We woke up at about 5, went to the market for some fruit, bread and cheese to bring along for lunch, and then took a taxi up to the last town up the road towards the mountain. From there, we hiked up the road for about 2 hours. After 2 hours, we met a Peruvian woman who told us it would be another 5 hours by road and offered to lead us on a short cut. After walking with her for about an hour, we arrived at her familiy´s cow and llama grazing area. They live out in the middle of a beautiful, freezing, windswept mountain range in these little grass huts that are about 15 feet in circumference and 5 feet high. They offered us some milk (actually disgusting milk curds, but it was still very generous) and crackers. Then, they offered to have their 12 year-old daughter lead us up the mountain. Wearing nothing but black sandles with no socks, a t-shirt with a blanket safety pinned over, pants and a hat (we eventually gave her some of our clothes to wear), she started running up the mountain much faster than any of us could keep up (we were at about 13,000 feet and not breathing so well). She kept having to adjust her time estimate and was in constant amazement at how slow we were. Finally, we arrived at the lake at the base of the mountain, which was gorgeous, and ate some lunch before an easy hike back down.
July 12: Pachamanca
Today, we had an enormous Peruvian feast called a Pachamanca. They cook a Pachamanca by digging a giant hole in the ground, lining it with extremely hot rocks, and then filling the hole with potatoes, lamb, pork, beans, tamales, and guinea pig. Then, they cover the food with banana leaves and a tarp and it cooks. It was incredibly delicious and it was definitely one of the biggest meals I´ve ever eaten in one sitting. The guinea pig was delicious, but the lamb was my favorite.
July 13-14: Last days in Huancayo (kind of)
On the 13th, our last day at the orphanage, we went into the orphanage with all the ingredients for the cake the kids wanted to make us and watched them bake. They were all much more knowledgable than we were. After, we took a little trip out to the Ocapa Monestary in one of the nearby towns. In the evening, we went back to the orphanage and had a little going away party. We ate the cake, gave the kids all of our leftover supplies as prizes, and danced. At the end, all the girls sang us a song and a couple of the kids gave going away speeches. It was all very touching, and it was sad to leave. They are all such great kids with a pretty hard life ahead of them.
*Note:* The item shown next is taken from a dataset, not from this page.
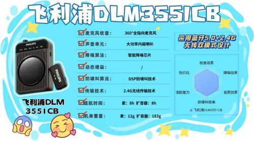 什么牌子的小蜜蜂扩音器最好?大行T11无线手持式扩音器针对教学场景优化,DSP智能降噪芯片滤环境干扰,DSP智能防啸叫技术防刺耳声,单指向麦捕声准,3英寸大喇叭扩音响。2.4G无线30米传输稳,翻页笔50g操作无负担,扩音器220g便携,翻页笔24h续航超久,扩音器8h续航满足日常。Type-C充电方便,U盘播MP3格式课件,仅接口单一,外接设备有局限,整体适合教师、讲师使用,提升教学效率。6、飞 利 浦DLM3551CB无线领夹扩音器安利指数:✔✔✔✔优势亮点:支持蓝牙5.0与2.4G无线双模式传输,最远可实现20米的稳定连接

Today, I´ve just been trying to get everything in line before I leave. Tomorrow morning, I take a bus to Lima and then spend the night in Lima. Thursday I fly to Cusco, and Friday I begin the Inca trail. By Monday I´ll be in Machu Picchu, and I leave for Buenos Aires on the 22nd.
Sorry this is so long and I hope that everyone is well. I will try to update this more regularaly when I am in Argentina and have better internet access. Please send emails with updates on how you´re all doing.